Mehr Geld im Gartenbau und ein Schritt zu einheitlicheren Tarifen

Für viele Beschäftigte im Gartenbau steigen die Einkommen: Wie die IG BAU in Frankfurt am Main mitteilte, erhalten Arbeitnehmerinnen und Arbeitnehmer in einem neu geschaffenen Tarifraum in den kommenden zwei Jahren insgesamt 6,4 Prozent mehr Lohn und Gehalt. Der neue Tarifraum umfasst die neun Bundesländer Bayern, Bremen, Hamburg, Mecklenburg-Vorpommern, Niedersachsen, Nordrhein-Westfalen, Rheinland-Pfalz, Saarland und Schleswig-Holstein. Für Baden-Württemberg und Hessen wurde zugleich eine Erhöhung der Einkommen um insgesamt 7,8 Prozent vereinbart.
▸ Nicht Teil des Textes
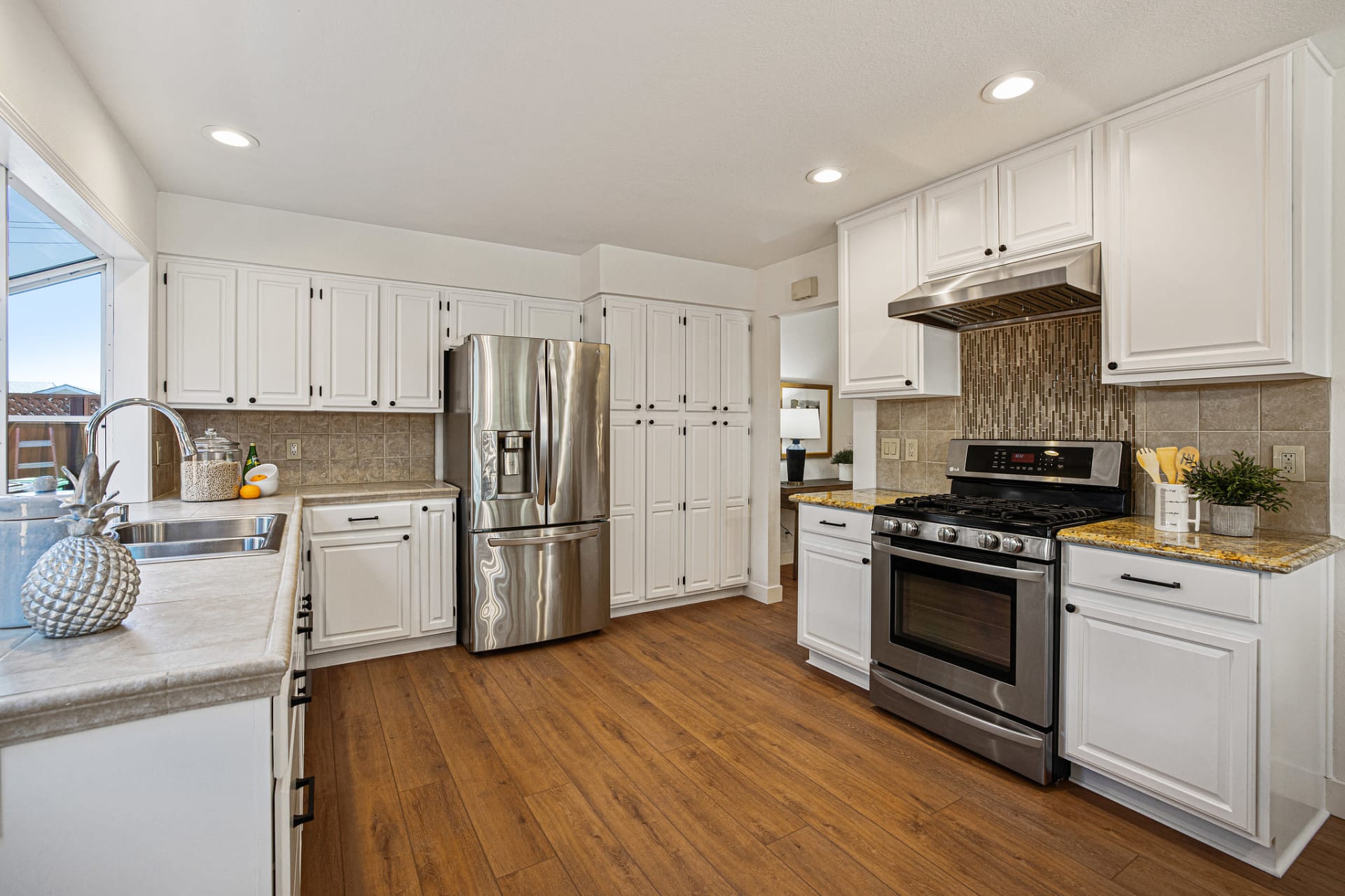 This four bedroom, two bath home has been loved by the same family for over twenty years and has a thoughtful floor plan with three bedrooms tucked on one side of the house. The fourth bedroom with French doors and front yard views offers plenty of space for guests, or easily convert it to a home office. The beautifully updated hall bath provides a deep tub and standing shower with custom tile, and shaker cabinet vanity. The bright ensuite primary bath has a walk-in shower and plenty of storage. Updated flooring throughout gives an expansive feel to the main living areas and cozy warmth to the bedrooms.

Die Gewerkschaft bewertet den Abschluss angesichts der wirtschaftlichen Lage als deutliches Signal für die Branche. „Das ist in diesen schwierigen Zeiten mit explodierenden Energiepreisen und einer schon bald deutlich ansteigenden Inflationsrate ein sehr gutes Ergebnis. Die Beschäftigten in der Branche machen oftmals einen harten Job bei Wind und Wetter. Sie verschönern uns das Leben, in dem sie Pflanzen und Gehölze produzieren und uns mit Obst und Gemüse versorgen. Dass muss entsprechend honoriert werden“, sagt Christian Beck, im IG BAU-Bundesvorstand unter anderem zuständig für den Gartenbau.

Warum der Abschluss über den Lohn hinaus wichtig ist

Die Einigung ist nicht nur wegen der höheren Entgelte bedeutsam. Sie markiert auch eine Neuordnung der Tariflandschaft in einem Bereich, der bislang von vielen unterschiedlichen regionalen Tarifgebieten geprägt war. Nach Angaben der IG BAU ist es erstmals gelungen, neun Bundesländer in einem gemeinsamen Tarifgebiet zusammenzuführen.

Vom Flickenteppich zum Großgebiet

Für Beschäftigte und Betriebe bedeutet ein solches Großgebiet vor allem mehr Vergleichbarkeit. Wenn mehrere Länder unter denselben tariflichen Rahmen fallen, werden Arbeitsbedingungen und Entgelte perspektivisch stärker angeglichen. Genau darauf zielen auch die parallel vereinbarten Abschlüsse in Baden-Württemberg und Hessen ab: Sie sind laut Gewerkschaft so angelegt, dass die Löhne und Gehälter dort in absehbarer Zeit zu denen im „Großgebiet“ aufschließen.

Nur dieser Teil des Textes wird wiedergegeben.